On March 27, with the British prime minister and Parliament still deeply mired in disagreement over terms for leaving the European Union, a Latham & Watkins Forum explored the origins of the unprecedented political impasse and pondered what might be required to reach a Brexit resolution. The panelists included Robert Howse, Lloyd C. Nelson Professor of International Law; Kalypso Nicolaïdis, Director of the Centre for International Studies at the University of Oxford; and Rob Moulton, a partner in the London office of Latham & Watkins and member of the firm’s Brexit Task Force.
“How is it possible that, two days before the date of automatic exit, [three] years after the vote, the referendum vote, how is it possible that we're still in a situation—as I think the BBC news put it yesterday in one of their headlines—in a permanent series of question marks?” moderator Gráinne de Búrca, Florence Ellinwood Allen Professor of Law, asked in her opening remarks.
Watch video of the discussion here:
“Brexit as a topic defies the normal political discourse,” said Moulton. “It does not fall into our party political system…because different parts of different parties think different things about whether the EU is a good or bad thing.”

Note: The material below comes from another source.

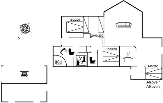 Der er i alt 3 soveværelser. Sovepladserne fordeler sig på: 6 sovepladser i dobbeltsenge. 2 sovepladser i enkeltsenge. 2 sovepladser på madrasser. 1 soveplads i alkove. 2 af disse sovepladser befinder sig på husets hems, og 2 befinder sig i stuen.

Prime Minister Theresa May has tried to keep her party together, he added, without actually getting members to agree. “If two years ago she’d have settled on one particular route out, she would’ve had resignations from every part of her government that didn’t agree with it,” Moulton said. “And so it’s been the classic can down the road.…Two days before the supposed date, we’re only getting around to deciding how to try and do anything, because any earlier decision [would have destroyed] the government.”